Beneath the specialized language and formal rigors of science is a simple, easily forgotten principle: Science is way of exploring the world, and our world is a fantastic place.
Nowhere is that more apparent than in the images that science generates: Spiders that build their own dummies, dinosaurs cloaked in feathers, berries of a color more intense than any other natural hue. Here are Wired Science's favorite images of the year.
Above:Spider Attack in Amber
A spider attacks a wasp: A minute, everyday event, something that's happened billions upon billions of times in these antagonists' evolutionary history, each incident lost to time. But not this meeting, entombed by tree resin 100 million years ago in what's now Myanmar. The resin turned to amber, a time capsule both beautiful and informative.
Image: Oregon State University/Flickr
Topographical Moon
It's difficult for the unaided eye to appreciate the striking, varied geography of the moon, which has peaks higher than Mount Everest and craters nearly as deep as the Marianas Trench. This topographical map, published by NASA in February, conveys that geography in glorious fashion.
Image: NASA [high-resolution version]
Sandy From Space
Superstorm. Megastorm. Frankenstorm. Some 1,100 miles across, Sandy was the largest Atlantic hurricane ever.
Dinosaur Feathers Everywhere
Dinosaurs have always been fun to imagine, and doubly so since scientists realized that some had feathers. This detail comes from an artist's rendering of Yutyrannus huali, a 30-foot-long forerunner of Tyrannosaurus rex that, by virtue of its place on the dinosaur family tree, suggests that most of the great reptiles were feather-clad.
Image: Brian Choo/Nature
A Drop of Life
The microscopic world is a cornucopia of beautiful images; most any finalist in Nikon's Small World contest or the Olympus Bioscapes Digital Imaging Competition deserves inclusion on this year-end image list. But if just one is to be picked, let it be this single-celled algae photographed by Marek Mis, conveying in its light and color the essences of life itself.
Image: Marek Mis
Magnificent Riflebird's Mating Dance
Birds of paradise are an avian family renowned for their marvelous, seemingly fanciful plumage, used by the birds to attract mates. It's not just the feathers that are special, though; birds of paradise often perform elaborate courtship rituals, such as the dance of the magnificent riflebird, captured on film during an expedition by Cornell Lab of Ornithology researchers.
Image: Tim Laman
George Boorujy's Meadowlark
For artist George Boorujy, hyper-realistic hand-inked detail is a form of engagement, a way of holding viewers' attention in an image-saturated world. Animals are often the subjects of his work; like this meadowlark, part of Boorujy's Blood Memory exhibition, they possess an almost hypnotic power.

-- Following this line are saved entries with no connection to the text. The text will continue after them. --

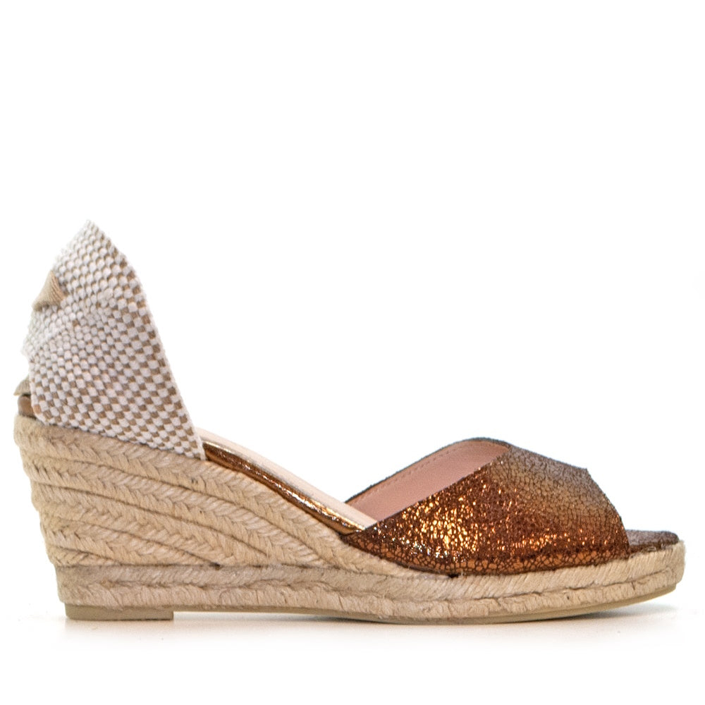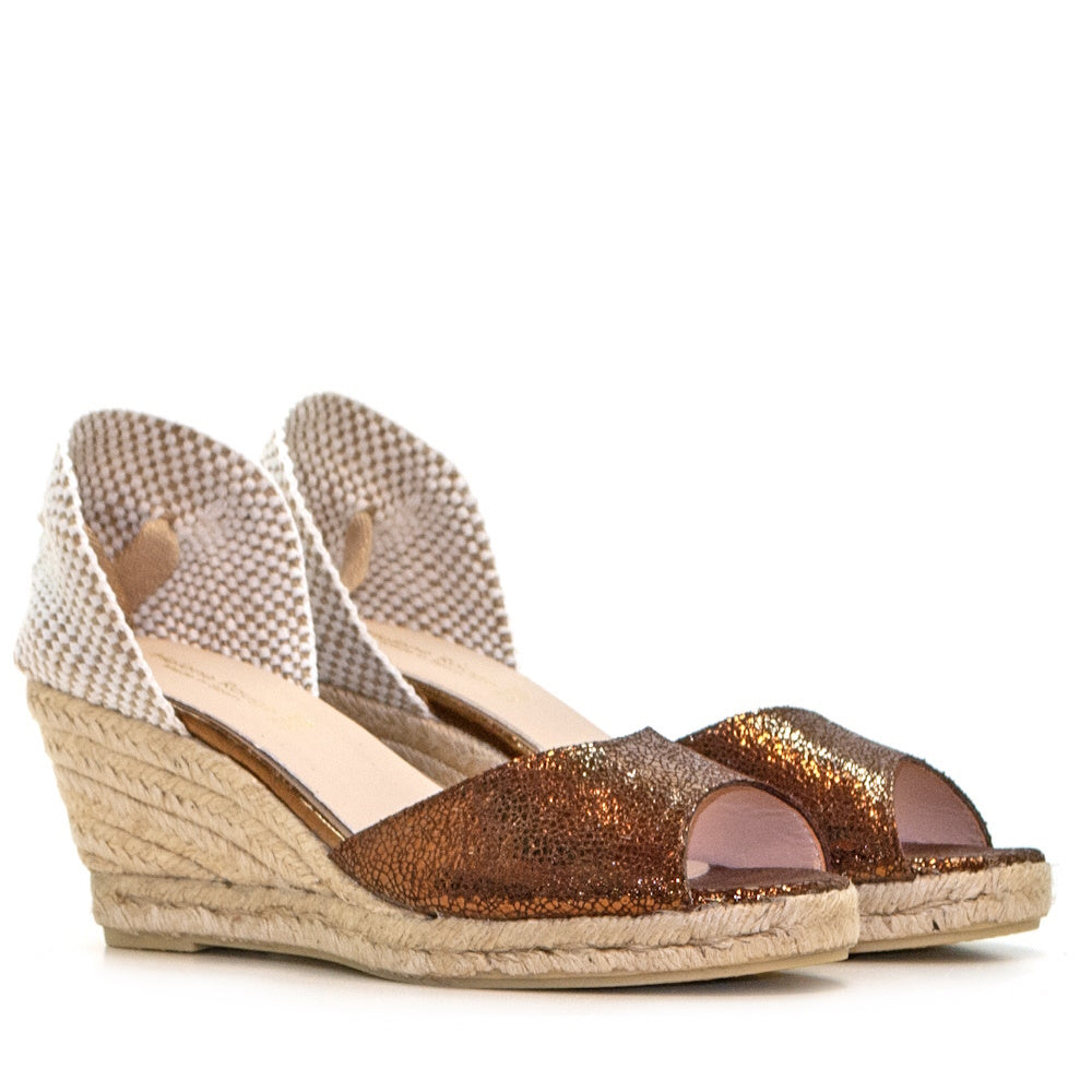 La sandalia Ana Belén en piel serraje boreal bronce captura la esencia del brillo contenido y elegante. Su acabado metálico, sutilmente luminoso, aporta un aire sofisticado sin perder la naturalidad del serraje. Hecha en España con técnicas artesanales, su tacón de alpargata de 65 mm permite estilizar con comodidad durante todo el día. Este diseño fusiona tradición mediterránea y modernidad, ideal para quienes buscan destacar con discreción. El tono bronce se convierte en un básico de verano con carisma propio, elevando cualquier look con un gesto de luz.
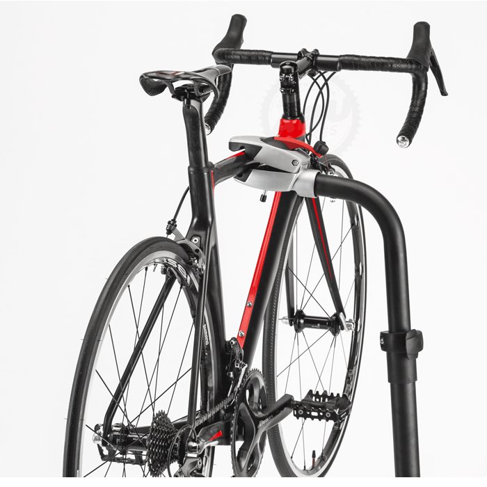 To servisno stojalo za popravila drži vaše kolo, tako da lahko na njem varno izvajate vzdrževalna dela. Združljiv je z vsemi vrstami koles, odlikuje pa ga velika stabilnost. Strah ga je pred praskami odporne sponke, ki drži okvir kolesa na mestu in jo je mogoče vrteti za 360°, da lahko na kolesu opravite številne posege, zato je to delovno stojalo idealen večnamenski pripomoček za vzdrževanje kolesa v vseh okoliščinah.
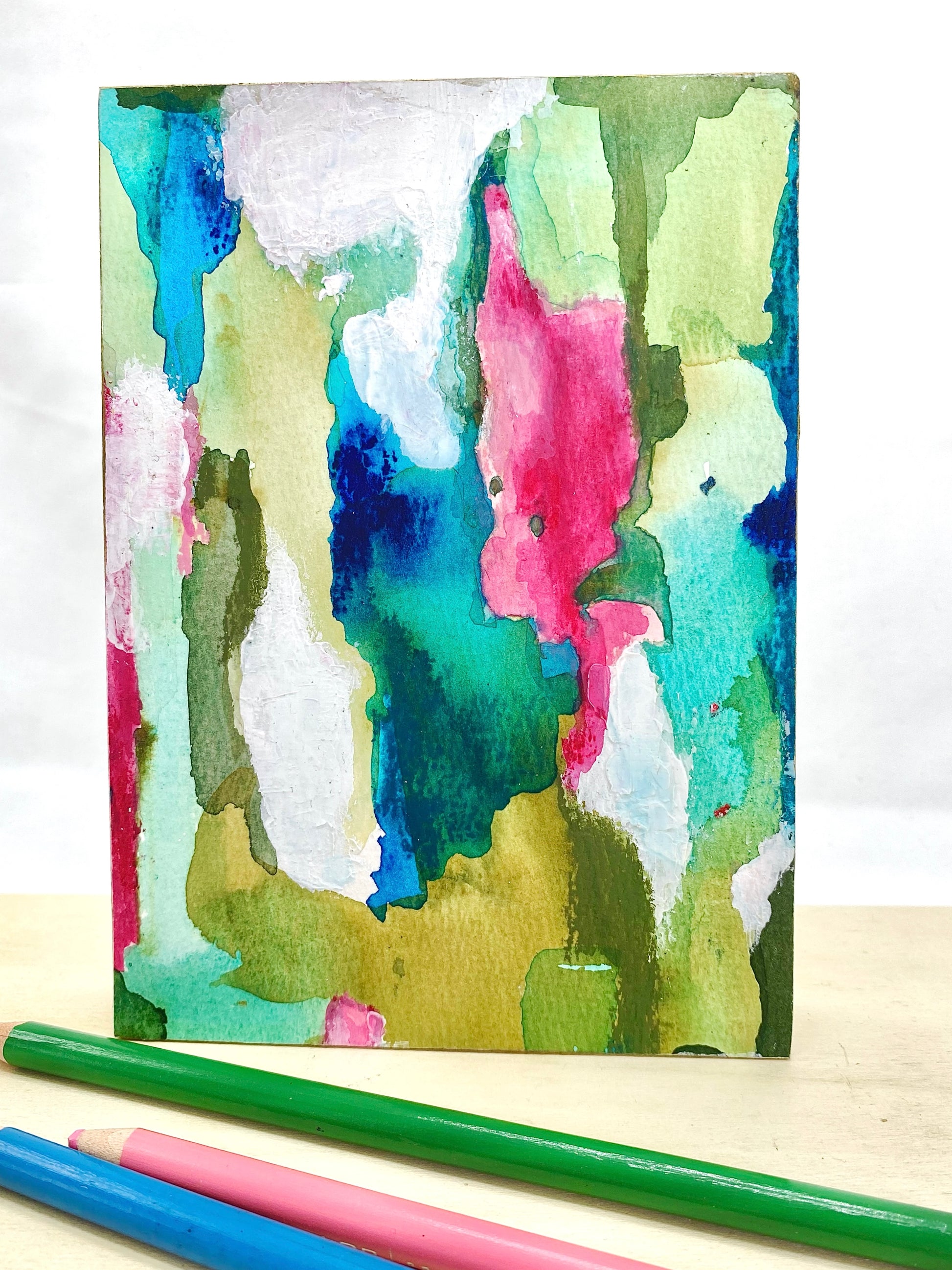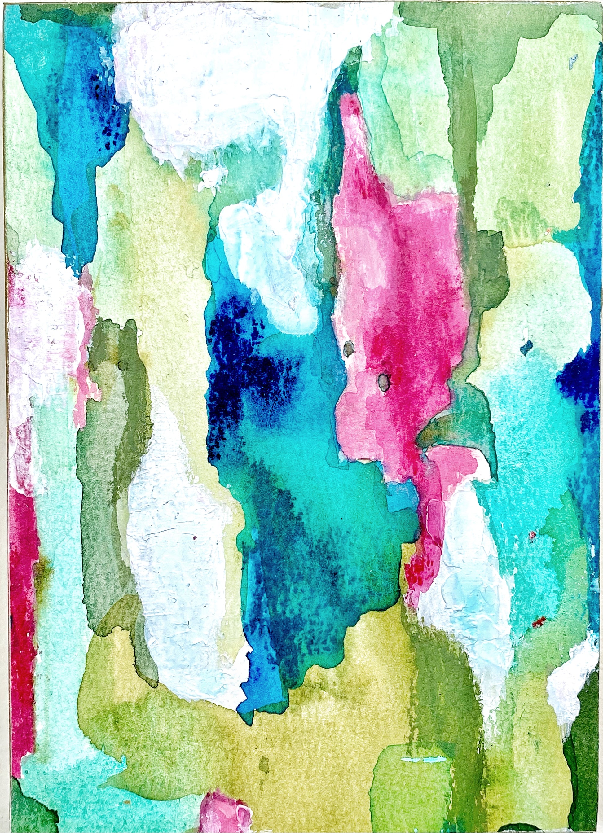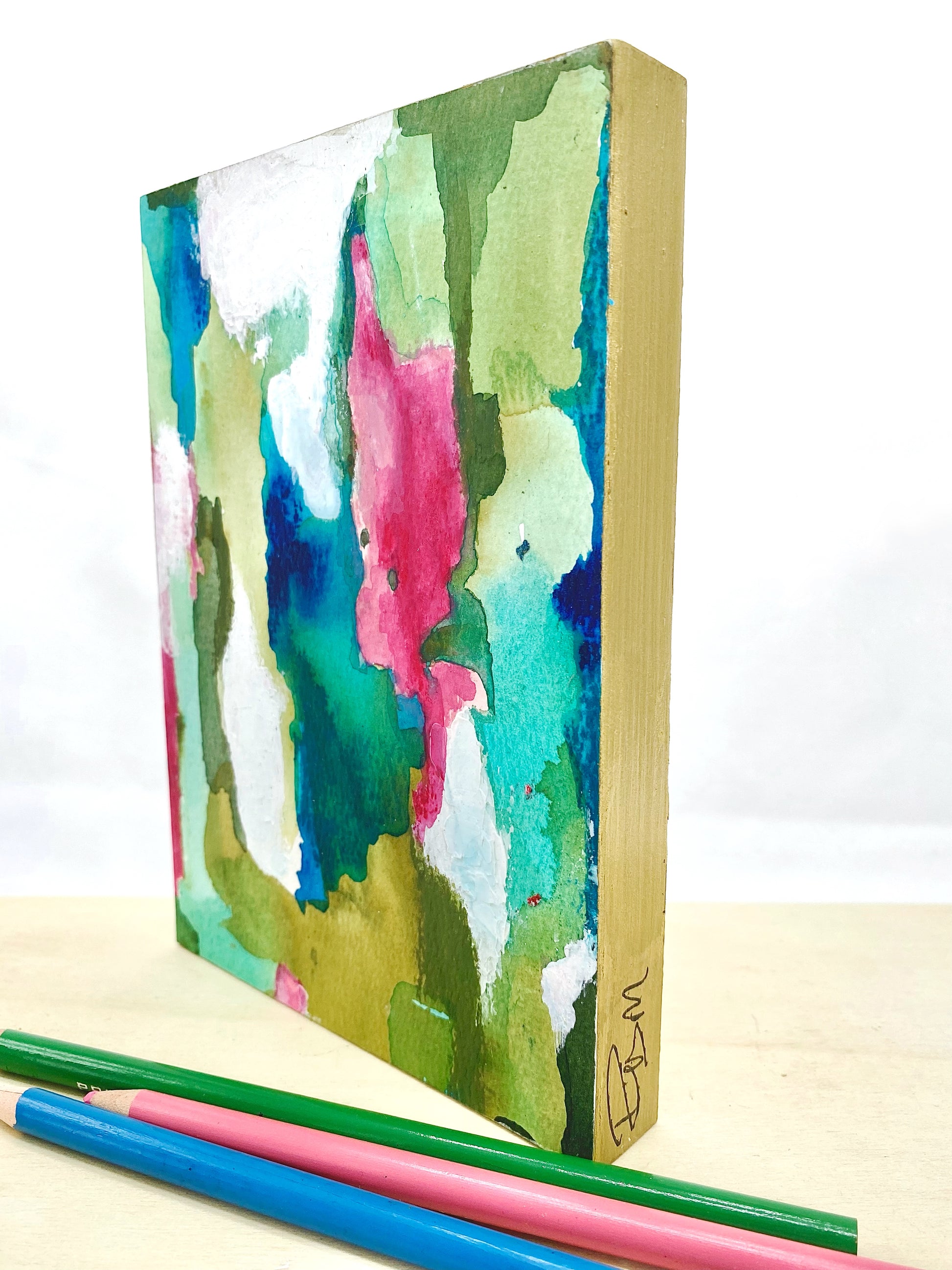My materials: Caran d’Ache Neocolor ll, concentrated watercolors, acrylic and alcohol ink, acrylic paint, and oil pastels, on 140 lb. cold pressed paper. Mounted on cradled wood panels with gilded muted gold edges. Signed with initials on the side panel and full signature on backs. The finish on these is textural and can look either matte or satin, using archival methods, with the final layer being burnished cold wax.

Image: Babble, 2011, ink on paper. (George Boorujy)
The Ghost Dragon
A 120-million-year-old flying reptile discovered in northeast China, the aptly named Guidraco venator -- Chinese and Latin for "ghost dragon hunter" -- had a 15-foot wingspan and a snaggle-toothed mouth that could have been imagined by Tim Burton.
Image: Xialin Wang et al./Naturwissenschaften
Spider-Building Spiders
Not only does this collection of debris caught in a web look like a spider. It was made by a spider, too -- a newly discovered species from the Peruvian Amazon that constructs its own dopplegangers, a behavior never before documented.
Images: Phil Torres
Rutabaga's Decay
Fungi can be found in every habitat on Earth, and by some estimates outnumber plants by a factor of five. Yet despite their ubiquity, they go mostly unnoticed, remarked upon mostly when some forgotten piece of food is found covered in fuzz. Estonian artist Heikki Leis captures these moments on camera, revealing the beautiful fungal assemblages present in such mundanities as a decomposing rutabaga (above).
Image: Heikki Leis
Saturn and Tethys
Space is an unceasing source of fantastic imagery, meriting its own Best of 2012 image gallery, and Saturn itself probably deserves its own gallery, too. That said, there's something beautifully serene about this photograph of the ringed planet and Tethys, one of its 62 moons, here visible as a bright fleck in the upper-left corner.
Image: NASA/JPL-Caltech/Space Science Institute [high-resolution version]
Super-Blue Berry
These Pollia condensata berries are so colorful that they might have been picked minutes ago. In fact, they were gathered in 1974. Like beetles and butterflies, their color comes not from pigments but from the refractive geometries of their surface coverings, which don't degrade over time. (Some beetle colors even shine true after nearly 50 million years.) Researchers say that P. condensata's blue is the most intense color in the natural world.